A Bouquet for the Birthday Girl

Suzie recently said that peonies reminded her of her childhood home on Locust Avenue. It’s one of my favorite memories too. That was my favorite garden growing up. It had a couple of small man-made ponds (that never seemed to be full), a rough stairway of rocks that led further into its expansive beds, and a grape arbor that was covered in seemingly inedible grapes. (Always too green or too sour, but the arbor, with two white seats beneath its shaded canopy, was enchanting regardless.) Suzie once shared her grape taffy with me under that arbor on a hot summer day.

The rest of the garden was at its peak at this time of the year. A sprawling patch of Centaurea montana buzzed with bees slurping the sweetly-scented blossoms and pollinating bloom to bloom. Beds of bearded iris, with their spiky swords of foliage and spicy perfume, battled beds of daylilies, whose day-long beauty had not yet begun to fight. There was a formally dramatic circle of hosta around a sundial, and a row of mockorange that perfumed the balmy air. A gnarled fringe tree sat near the front of the property, unassumingly sprinkling its fine fragrance around the driveway’s edge.

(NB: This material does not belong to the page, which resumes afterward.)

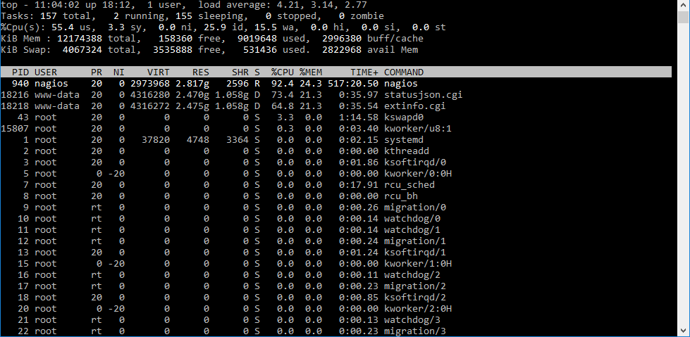 Thanks. That helped get Nagios running. I have attached screen shots of where we are now including performance stats. Response times are still pretty slow on the UI. I don't see nagios in the top results anymore. Looking at top, the CPU is mostly idle and swap memory isn't being used until you try to load a page on the UI. I had top running when I clicked on the Nagios Service Problems link on the left. It took 1m 15s to load the page. I attached a video in real time of the top running so you can see what is happening from that standpoint. Any ideas?

For good reason, the family gatherings at the Ko house utilized the flatter and more expansive side found on the other end of the house for birthday parties and such. This is where we would assemble for several of Suzie’s birthdays, for three-legged races and other games. I’d usually stay close to my brother until my shyness subsided, and Suzie and I had a more familial bond that made me feel closer to her than her other friends, but by the end of every party I was happy and at ease, and it was more often than not difficult to leave because of all the fun we were having.

Still, I’d prefer time alone with Suzie over group mayhem any day. (That damn Becky ended up crying and annoying everyone to no end, and for no reason!) Which brings me back to the garden.

The garden was more intimate and private – a more appropriate place for weddings (where two would later take place) and for quieter walks and contemplation. A grand beech (or was it elm?) tree rose to provide shade for a large part of the space, while the more-open sunnier spaces allowed for bounteous beds of peonies – and this is the place where our first memories of that gorgeous flower were forged. I remember walking up to them – they were almost as tall as me – and leaning my head into their perfumed heads. He little ants that sipped on their sugary dew-like drops were too small to scare me, and were easily flicked off with a finger. In the sun, the blooms went slightly paler than they would in the shade, but the fragrance was just as powerful.

During most of my visits to see Suzie in the summer, we’d somehow end up walking in the garden. I was always amazing at her unimpressed nonchalance about the whole magical place. Though I suppose that’s Suzie. (This was, after all, the girl who merely shrugged when she was informed her dog Duchess had been run over by a car.) In the garden, she paused as I ticked off the scientific names of the plants, but seemed generally uninterested. I guess we all take our backyards for granted.

On this day, I remember the friend who shared her grape taffy beneath a grape arbor, who shut my finger in a car window en route to Mary Poppins, who almost laughed us to death while snorkeling with a bazillion fish, who saw Madonna with me for the first time (and every time since), and who never batted an eye at the insanity that sometimes came infused my mad existence. That kind of acceptance and love is how a family should be.

Happy Birthday Suzie! (See you tonight – and you have Milo to thank if there’s a peanut-butter and jelly birthday cake!)